Why Prometheus is an Essential Observability Tool

Prometheus continues to remain as an essential tool for monitoring, and a key component in observability platforms for cloud-native environments in numerous organizations. As one of The Cloud Native Computing Foundation’s (CNCF) “fastest-growing” projects, the time series database is especially useful for gathering metrics about Kubernetes clusters, and is typically used with a Grafana dashboard as an observability tool for visualizations.

In this post, we explore why Prometheus has become widely adopted and integrated with observability platforms and use New Relic as an example of a leading observability player whose platform uses metrics from Prometheus. We also discuss why Prometheus metrics, and observability data in general, have become increasingly essential for many overextended, highly distributed DevOps teams in today’s pandemic context, especially those working in development environments.

Prometheus’ design and capabilities are especially well-suited for monitoring Kubernetes clusters, since the tool offers developers a simple, open and vendor-agnostic way to embed monitoring instrumentation into their services at the time of development, Buddy Brewer, general vice president and field chief technology officer for the Americas, New Relic, tells Container Journal.

“Application architectures involving containers and microservices have reached a point where developers today often can’t instrument fast enough to keep up with the pace of software development, leading to observability gaps,” says Brewer. “Prometheus is one source of telemetry data that helps developers observe modern software.”

Prometheus is not, however, the only source organizations use for observability data. Other tools used to gather data and to provide key information include data gathered from logs, traces, and high-cardinality metrics in addition to metrics data that a tool such as Prometheus provides, says Brewer. A big part of understanding what is going on across the full stack of a modern software architecture involves understanding and analyzing the intersections of these different types of data, says Brewer.

“In New Relic’s case, we bring Prometheus and other telemetry data sources into a single data store called the Telemetry Data Platform,” says Brewer. “We then provide curated views on top of this with our Full Stack Observability offering. Developers use this to get a holistic view of what’s going on without having to pivot between different tools and data stores.”

These capabilities are especially important as modern IT environments are increasing in scale and complexity, while at the same time, engineering teams are being asked to manage more than they ever have before, says Brewer.

“We are at a point where engineers are physically unable to track all of the changes and dependencies, and on top of that, digital transformation is speeding up due to COVID-19,” says Brewer. “The average engineer needs to get more done across more data in less time. They are asking themselves, ‘How can I get the fastest, simplest view of everything that is going on across my entire system?’ — all while also being able to drill down into the details and discover entity relationships, changes across applications, etc.”

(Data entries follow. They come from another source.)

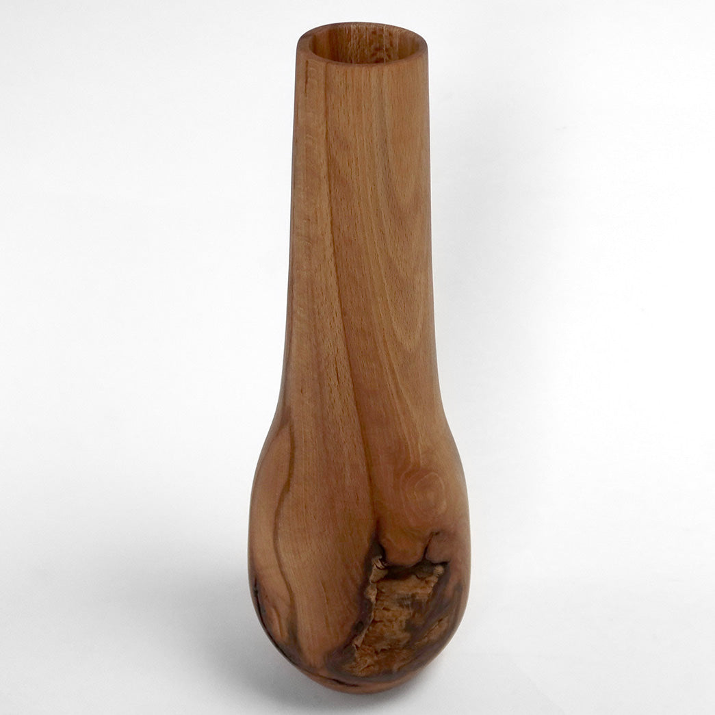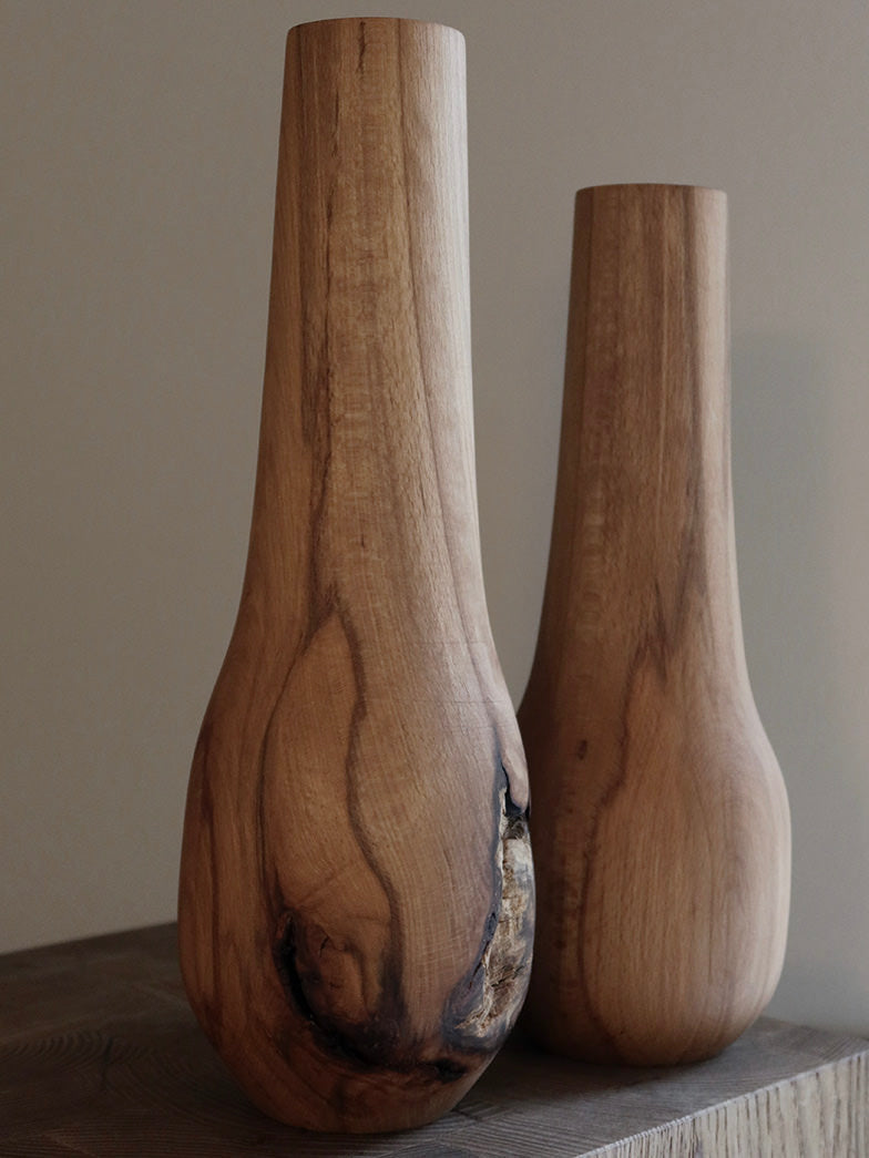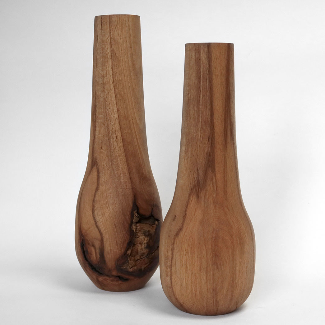 Vaserne er drejet i bøg og har en høj, skulpturel silhuet. Den runde, tunge bund smyger sig op i en lang, smal hals. Bøgetræet varierer naturligt i farve og struktur, og de bærer spor af træets egne ufuldkommenheder, som giver dem hver deres unikke udtryk.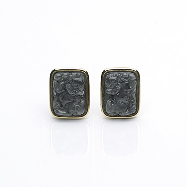 Gray Jade Fu Dog Carving Earrings In 18 Kt. Yellow Gold.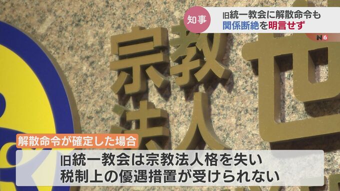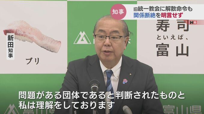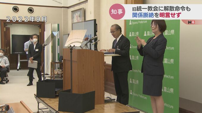 政教分離の原則を理由に旧統一教会と関係断絶を明言していない富山県の新田八朗知事は27日、たとえ教団が法人格を失っても宗教団体には変わりはないとして、関係断絶を明言しませんでした。コンプライアンスに問題がある団体とは付き合わないが断絶ではないとしています。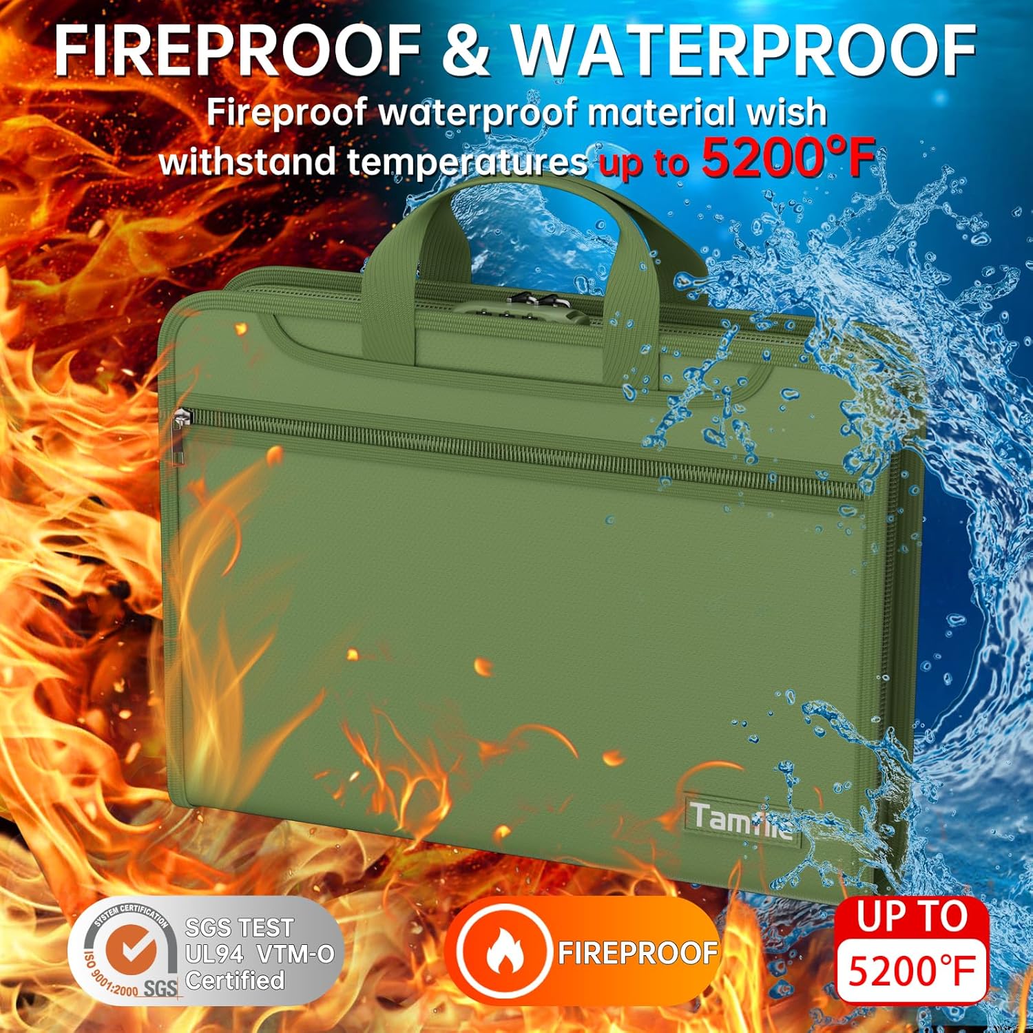 - [Protect valuable documents for fire] 5200℉ Fireproof Thickened Accordion File Organizer is made of high-quality silicone glass fiber fabric with fireproof and waterproof properties, passing SGS testing (UL94 certification). Provide high quality fireproof protection, giving you precious rescue time to transfer your valuable documents.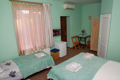 В номере: односпальные кровати, шкаф, стулья, прикроватные тумбочки, стол, вешалка, кондиционер, телевизор, холодильник, цифровое ТВ, санузел с душевой, wi-fi.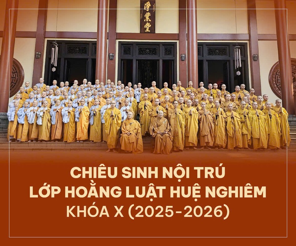 Ban Chủ nhiệm thông báo tuyển sinh lớp Hoằng Luật Huệ Nghiêm khóa X (2025-2026). Theo đó, thời gian, địa điểm, điều kiện và chương trình đào tạo như sau: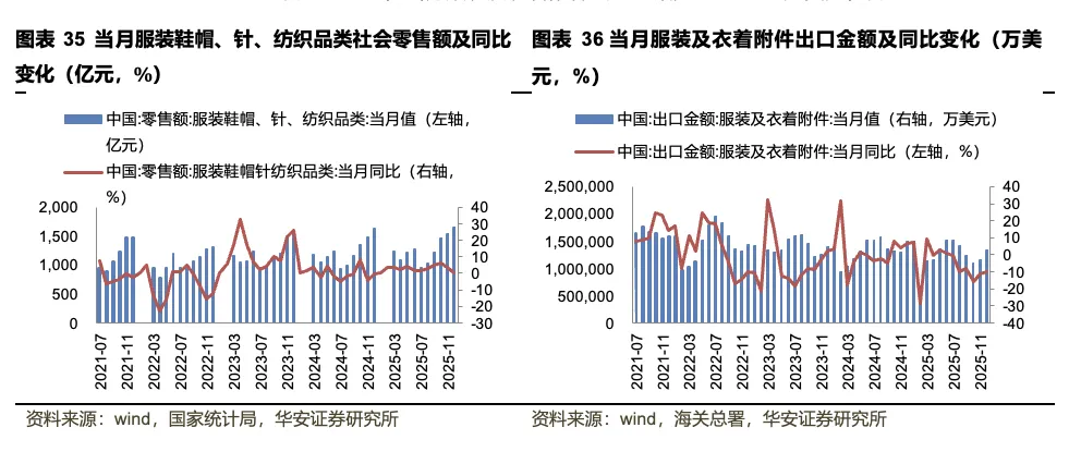 销售数据:2025年12月,当月服装鞋帽、针、纺织品类零售额为1661亿元,同比+0.6%;当月服装及衣着附件出口金额为1341241万美元,同比-10.2%。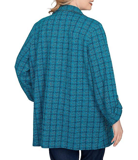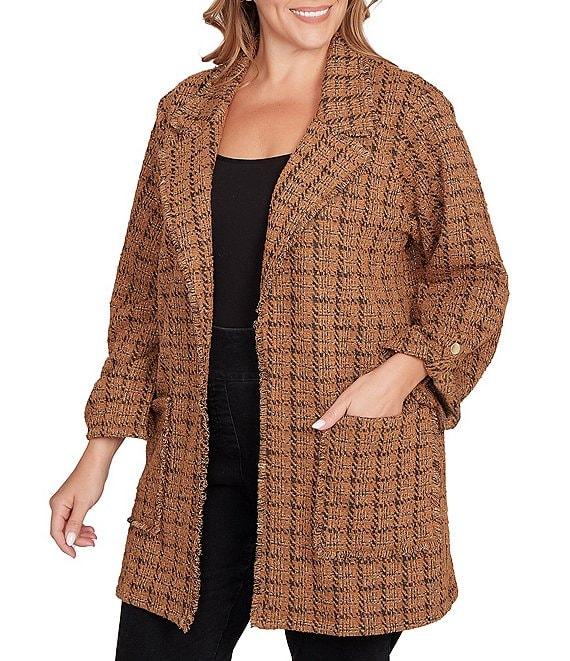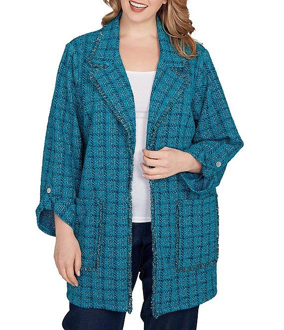 From Ruby Rd. Plus, this jacket features: Tweed plaid fabrication Notch lapel collar Long roll-tab sleeves with button closure Two front patch pockets Fringe detail along the edges Straight hem Open-front; no closure Approx. 32" length Polyester/cotton/spandex/metallic Imported. This stylish tweed boucle jacket is made from a yarn-dyed plaid fabric with a subtle gold metallic yarn, adding a touch of shine to your look. Featuring a notch collar and an open front, it's designed with fringe detail along the edges for a chic, textured finish. The 3/4 roll-tab sleeves and two patch pockets complete the look, making it perfect for layering over both casual and dressier outfits.

The goal behind an observability platform, such as New Relic’s Explorer, is to improve how DevOps teams gather actionable data more efficiently, and thus, are able to do more with fewer resources. New Relic, for example, integrates Prometheus metrics into its observability platform to help DevOps teams gather actionable data from the so-called “unknown knowns” among observability data.

In this way, Prometheus monitoring metrics, as well as alerting, dashboards, and all the other traditional monitoring tasks, are part of observability, says Brewer.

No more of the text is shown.